Я схватил парня за шиворот и оттащил прочь от индийца. Его тело было точно наэлектризованное — сплошное высокое напряжение и несгибаемость. Силы мне не занимать, но не уверен, смог ли бы я его одолеть.

— Хватит! Довольно, говорю! Ты победил.

— Да пошел ты в жопу! — Он попытался еще раз пнуть индийца, но не достал.

— Уймись же!

— Не смей мне… — Он повернулся и сунул мне кулак в лицо. Я перехватил его руку и тем же движением заломил ее ему за спину. Другой рукой я обхватил его шею и слегка сдавил.

Без толку. Каблуком своего ковбойского ботинка он ударил меня по пальцам правой ноги. Меня точно огнем обожгло. Я разжал руки. Он отпрыгнул в сторону и, приняв боксерскую стойку, стал приплясывать вокруг меня, нанося удары по воздуху, ныряя, делая обманные движения. С кем он сражался?

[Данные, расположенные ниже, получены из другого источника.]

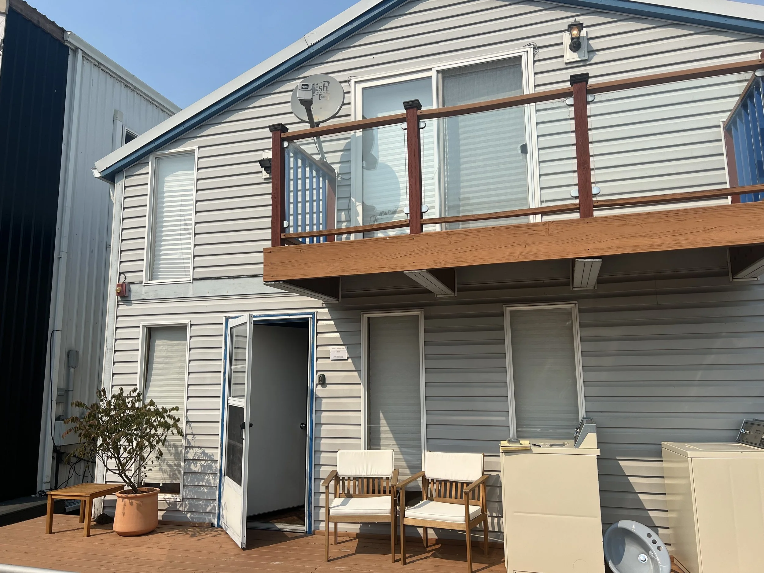 View of a house back porch with privacy glass doors, two tall gray columns supporting a small roof, potted plants, and a wooden deck.

Со мной, с индийцем, со всем миром, с жизнью.

— Ты чего это, мудила, о себе возомнил? Думаешь, я тебе по силам? Думаешь, так вот запросто меня одолеешь? Ну, попробуй! Давай, давай!

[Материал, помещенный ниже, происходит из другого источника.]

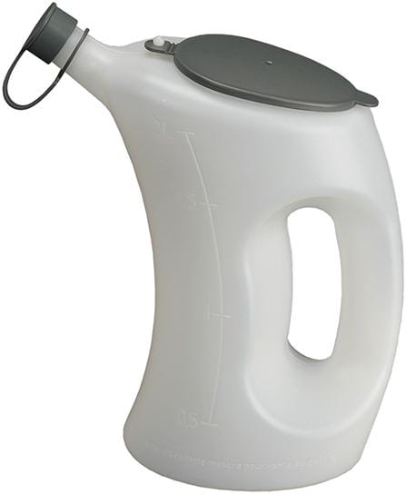 Wykonanie: Zbiornik z polietylenu (HDPE) o dużej gęstości, z pokrywą, lejkiem wylewowym i podziałką.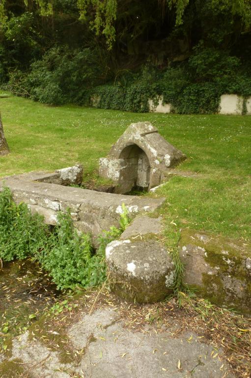 Les fontaines Sainte-Brigitte, Sainte-Edwett et Saint-Raymond sont associées à un édifice religieux (église ou chapelle). La première se trouve à Landugentel et porte la date de 1654, la seconde, datée de 1723, est isolée au nord du village de Landrevet, non loin du calvaire alors que la troisième, déplacée de son emplacement d’origine et portant trois fois la date de 1704, se dresse dans la ville d’Audierne à proximité de l’église Saint-Raymond. Toutes trois sont des édicules en pierre de taille, à bassin rectangulaire et niche à saint ménagée dans le mur pignon (pierre saillante pour la fontaine Saint-Raymond). Les dimensions importantes ainsi que les décors soignés de la fontaine Sainte-Brigitte en font un édicule tout à fait unique sur la commune.

Я стоял на одной ноге, как фламинго, тетешкая ушибленные пальцы, и наблюдал за ним. Индиец лежал на животе, руки снизу, и глухо стонал. Я-юнец продолжал пританцовывать поблизости — ни дать ни взять Мохаммед Али. Вокруг нас собрались несколько рабочих — посмотреть на наши игры. Пока я держал себя за ногу, один из них вышел из толпы и огрел мальчишку доской по голове. После этого работяга так и остался стоять со своей дубиной в руках — видок у него был глуповатый, словно он ждал: вот сейчас появится кто-нибудь и скажет, что ему делать дальше.

Мальчишка оказался на земле на всех четырех, голова низко-низко. Кто-то помогал индийцу встать на ноги. Я проверил ногу — все ли в порядке. Болела она здорово, но не смертельно.

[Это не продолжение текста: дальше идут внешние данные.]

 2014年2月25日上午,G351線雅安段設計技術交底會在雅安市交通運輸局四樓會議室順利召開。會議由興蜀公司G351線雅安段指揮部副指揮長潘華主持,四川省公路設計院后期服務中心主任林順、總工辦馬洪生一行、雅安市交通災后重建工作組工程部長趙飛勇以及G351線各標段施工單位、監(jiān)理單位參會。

— А теперь всем слушать меня! Кто здесь старший? Что это за строительная компания? Где разрешение на работы? Я хочу видеть все немедленно.

— Фрэнни? — позвал меня знакомый голос. Мальчишка, все еще стоявший на четвереньках, повернул голову — ведь это было и его имя. Неподалеку стоял Джонни Петанглс, держа в руках большую бутыль содовой. Он бесстрастно меня разглядывал.

— Что ты делаешь, Фрэнни?

Я посмотрел на него, потом на дом, рабочих, малыша Фрэна на земле. Мне казалось, что все смотрят на меня, но никто не издавал ни звука. И тут меня осенило. Я пальцем указал на дом.

— Что ты там видишь, Джонни? Что там такое?

Он поднес горлышко бутылки ко рту и сделал большой глоток. Опустив бутылку, он громко рыгнул и неловко вытер рот тыльной стороной ладони.

— Ничего. Вижу дом, Фрэнни. Хочешь моей содовой?

Я протиснулся к дому сквозь толпу рабочих. Здесь пахло древесной стружкой, раскаленным металлом, бензином. Пахло гвоздями, вбитыми в доски, только что выключенными электроинструментами, пропотевшей фланелью, пролитым на камни кофе. Пахло множеством мужчин, занятых тяжелой физической работой. Я ухватился рукой за один из длинных стальных стержней в лесах и стал его трясти, пока вся конструкция не начала тихонько позвякивать.

— Что это такое, Джонни? Ты это видишь?

— Я же тебе сказал — это дом.

— Ты что, не видишь строительные леса?

— Это что такое?

— Металлические решетки вокруг дома. Такие бывают на стройках, а еше когда ремонт делают.

— Не-а. Никакой здесь нет строительной лисы. Дом, и больше ничего. — Последние слова он произнес нараспев — та-та-ти-та-та-та-та — и одарил меня одной из своих редких улыбок.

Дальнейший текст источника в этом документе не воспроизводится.